With campaign group, Clean Air in London, is calling for a ban on alfresco dining at cafes and restaurants in some of the most at risk areas, it’s essential that the air inside buildings and workplaces is clean and safe. In many of our towns and cities simply opening the window to ensure a clean supply of fresh air is not an option.

Indoor Air Quality (IAQ) essentials

While buildings can do little to contribute to the improvement of outdoor air quality – this is something that needs to be looked at on a global scale – they can take control of their IAQ by creating safe spaces for occupants.

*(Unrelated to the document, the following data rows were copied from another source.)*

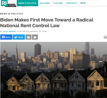 This is a point that should have been made in our initial post on the effort of Zhou Bai Dien and the Congressional Commies to implement national rent control. Those pushing this obviously unConstitutional - but who cares? - rent control will be the first to tell you the purported reason* for it is that, due to inflation, the rent is too high!
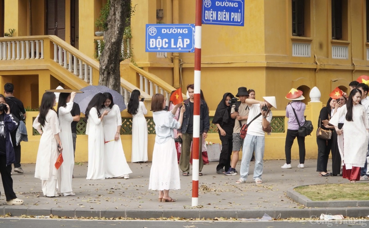 | Những ngày này, tại các địa điểm mang đậm dấu ấn lịch sử của Thủ đô Hà Nội như Quảng trường Ba Đình, phố Độc Lập, đường Điện Biên Phủ..., không khí mừng đại lễ rộn ràng trong từng khung hình. |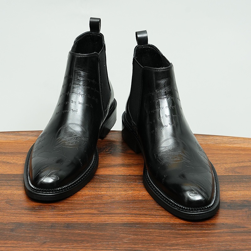 High-top Leather Shoes For Men In Winter With Velvet Genuine Leather British Carved Business Casual Chelsea Boots Pointed Warm Martin Boots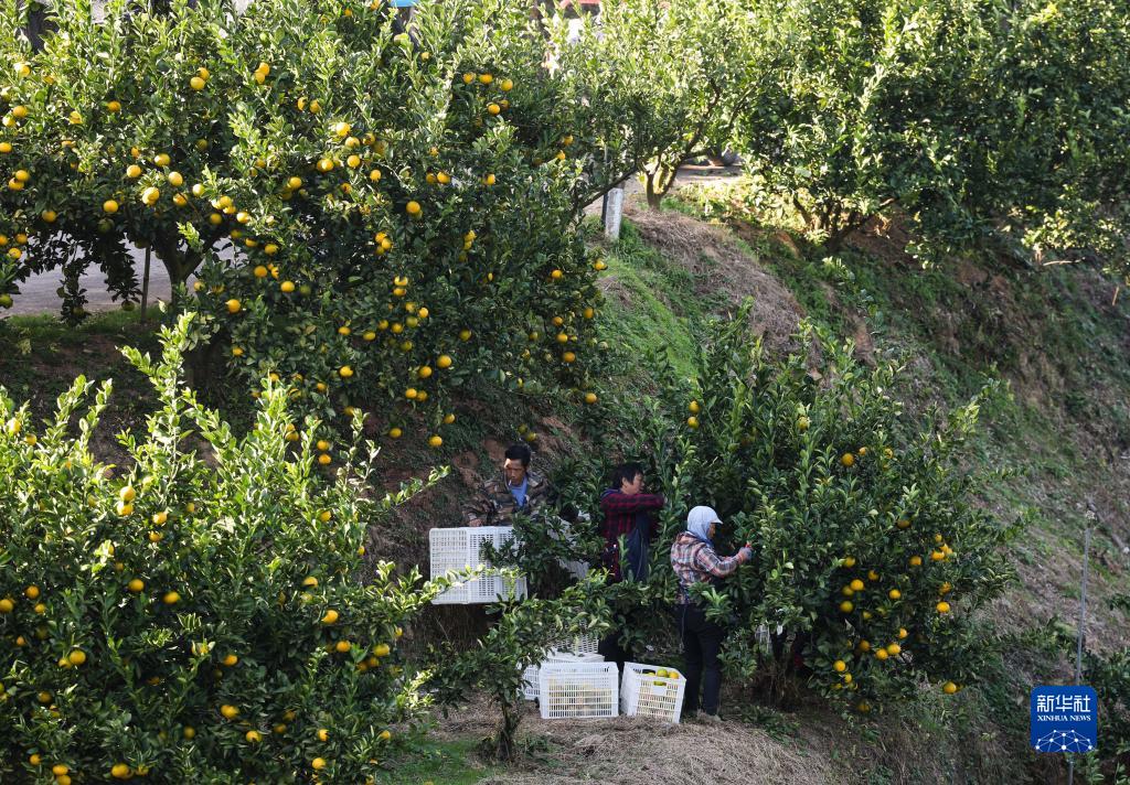 11月28日,在位于浙江省麗水市慶元縣黃壇村的外婆家水果專(zhuān)業(yè)合作社甜桔柚基地內,果農在采摘成熟的甜桔柚。

  • System design – the selection of appropriate Air Handling Units and ventilation systems is key to good IAQ, ideally when a building is constructed.
  • Ongoing maintenance – Once in situ, a regular but flexible maintenance schedule is essential to keep air moving and plant working efficiently, without contamination.
  • Air Quality Monitoring – regular monitoring of air quality will help building managers to ensure the air hygiene as well as flagging up operational issues that could cause problems in the future. For employers, it has the additional benefit of contributing towards compliance with Control of Substances Hazardous to Health (COSHH) Regulations.
  • Keeping ductwork and ventilation clean – systems must maintain a general level of cleanliness. Filtration will ensure that ventilation and ductwork systems are free from grime and dust which could restrict airflow, cause unwanted germs and even stop the unit working altogether.  Coil sections should be cleaned on a six to twelve monthly basis as a minimum requirement and filters changed every three to six months, depending on the usage of the area served by the system.